**Work item:** Word for word, output every line of the material below, minus pictures.

**Dataset extract:**
........

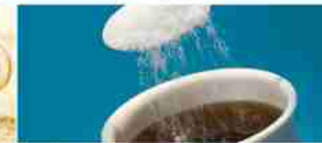
DOLCIFICANTI MONODOSE Zucchero di canna, box 1 Kg; Edulcorante box 300 g; Zucchero in bustine cart. 10 Kg; Miele in bustine conf. 1,2 Kg; Fruttosio conf. 1 Kg; Dieter A
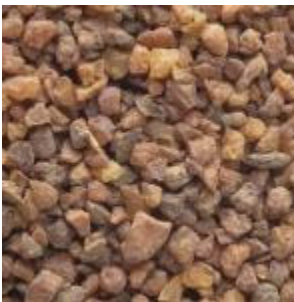
Fűben, fában orvosság / 2 órája
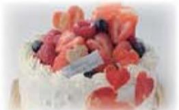
有料 ソレイユのホールケーキのご手配
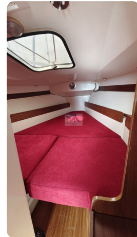
Etap 23i 1

........

**Task response:**
DOLCIFICANTI MONODOSE Zucchero di canna, box 1 Kg; Edulcorante box 300 g; Zucchero in bustine cart. 10 Kg; Miele in bustine conf. 1,2 Kg; Fruttosio conf. 1 Kg; Dieter A
Fűben, fában orvosság / 2 órája
有料 ソレイユのホールケーキのご手配
Etap 23i 1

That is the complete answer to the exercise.